A Literature Review done for my Masters in Sports Medicine (MsSpMed), University of Queensland, Australia 2017
- Introduction
- What does running do in the acute setting?
- Does running regularly increase the incidence of OA?
- Discussion
- Methods of detecting OA
- Potential Biases
- Selection Bias
- Confounders
- Limitations
- Exceptions and Advice
- Conclusion
- References
Introduction
It has been established that physical activity is an important aspect of a person’s well being and in the prevention of chronic diseases such as diabetes, hypertension and hyperlipidemia. One of the challenges faced by many physicians is encouraging patients who are well to exercise20
. Based on the latest position stand by the American College of Sports Medicine (ACSM)16
, it is recommended that healthy adults engage in cardiorespiratory exercise for a total of 150 minutes a week at a moderate-intensity.
To get a well patient to exercise is not an easy task and to understand why, we need to apply the well accepted biopsychosocial model of behavourial change by Prochaska17
. The 5 stages of change as described by Prochaska are Pre-contemplation, Contemplation, Preparation, Action and Maintenance.
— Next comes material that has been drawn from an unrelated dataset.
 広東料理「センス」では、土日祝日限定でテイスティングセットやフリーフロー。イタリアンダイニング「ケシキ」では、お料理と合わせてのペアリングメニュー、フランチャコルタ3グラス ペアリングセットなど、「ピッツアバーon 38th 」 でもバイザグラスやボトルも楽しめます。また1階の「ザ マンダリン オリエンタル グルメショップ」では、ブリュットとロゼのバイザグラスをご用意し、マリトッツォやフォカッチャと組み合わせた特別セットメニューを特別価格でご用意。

It is easy to agree that the spectrum of walking – jogging – running as a form of exercise is ideal for healthy adults who are currently not engaged in any exercise program as it is cheap, time efficient (cost and time are important factors in the contemplation stage), sustainable (helps in the maintenance stage) and easy (appealing in the action stage) – making it appealing for patients at all stages of change.
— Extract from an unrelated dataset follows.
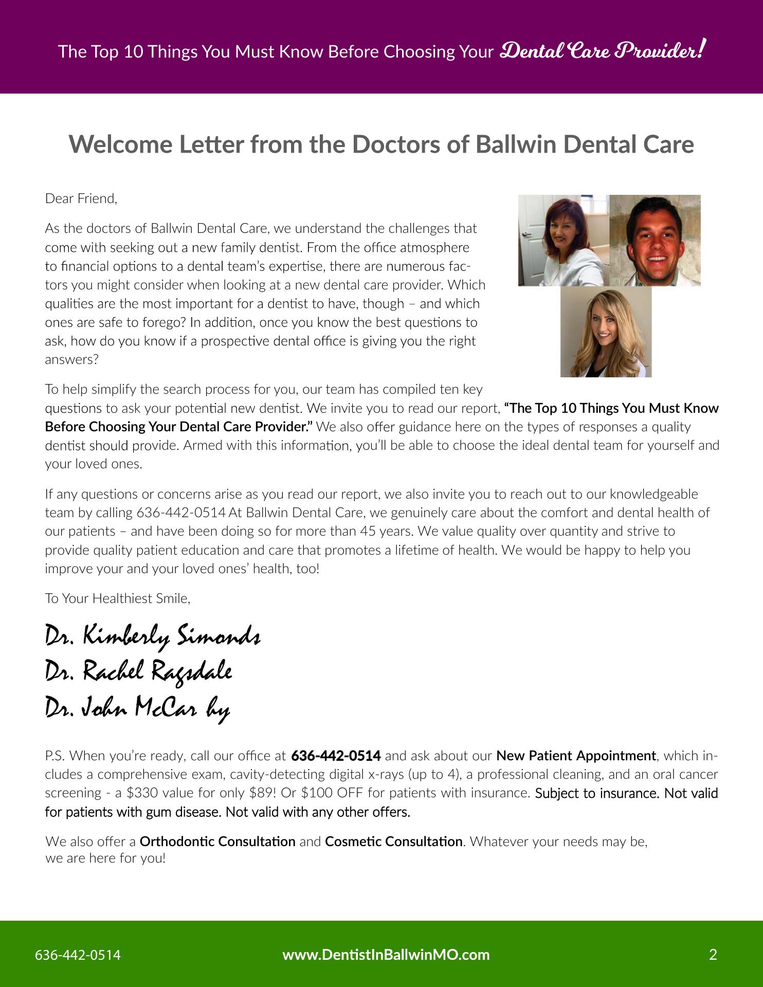 We became new dental patients today at Ballwin Dental Care. What a wonderful experience! Our hygienists, Anne and Kellee, were kind, knowledgeable and professional. Dr. Nolan was personable, having a wonderful bedside manner and again professional and easy to understand in his explanations. This office offers evening and some Saturday hours which really helps our family's work and school schedules. The ladies at the welcome desk were sweet and helpful too. Hats off to great dental service at Ballwin Dental Care.

One of the biggest hurdles at the contemplation stage, however, is the preconceived notion that too much walking or running even at the prescribed 150 minutes a week can lead to joint pains when people get older. This is especially so in Singapore where I practice where older generations of Chinese believe strongly that running, with its visible pounding on the roads with each step, causes osteoarthritis (OA) of the knee. They in turn influence the younger generation to not pick up such sports which in reality may confer more benefits than harm.
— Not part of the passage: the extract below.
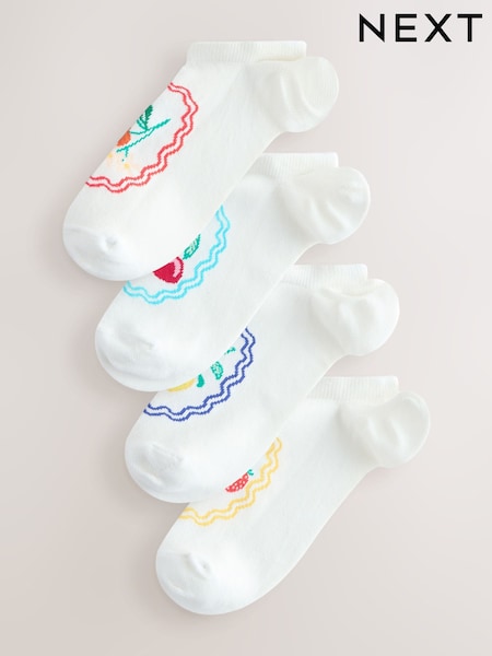 White/Bright Fruits Invisible Socks 4 Pack

Thus it is key that as physicians, we are well versed in the evidence available regarding this association so that we can bring our patients, both young and old, through the stages of behavioural change successfully. This topic is also particularly important for family physicians who have great contact with the patients in their community as it is not unheard of that patients are recommended not to walk or jog too much to prevent future osteoarthritis by misinformed physicians.
What does running do in the acute setting?
The key objective of this literature review is to ascertain if running at the recommended amount of 150 minutes a week by the ACSM increases the risk of knee osteoarthritis. However, to understand the impact of a single run on the structure of the knee can be useful when reassuring non runners beginning to pick up this sport.
Several studies have been done on marathoners, using Magnetic Resonance Imaging to scan the subjects’ knees before and after a marathon to determine if marathon running results in acute lesions in the knee. Schueller-Weidekamm et al.12
scanned participants less than 3 hours after finishing a full marathon and found no new cartilage lesions in its 22 subjects and no significant changes in meniscal lesions. Consistency was again seen in the study by Hohmann et al., where pre and post marathon scans did not reveal any marrow edema, periosteal stress reactions or joint effusions in the 7 runners. The study by Krampla et al.19
did the MRI scan 6-8 weeks after the marathon and also found no long term side effects after the marathon.
In a study by Hinterswimmer et al.8
, 10 marathon beginners had an MRI of the knee done before and after a 6 months training program followed by running a marathon. Again, no significant changes in cartilage volume and thickness were observed, suggesting that even 6 months of regular running at 25-60km a week (estimated to be 150 – 360 minutes a week) plus running a full marathon of 42.195km does not cause any acute knee abnormalities.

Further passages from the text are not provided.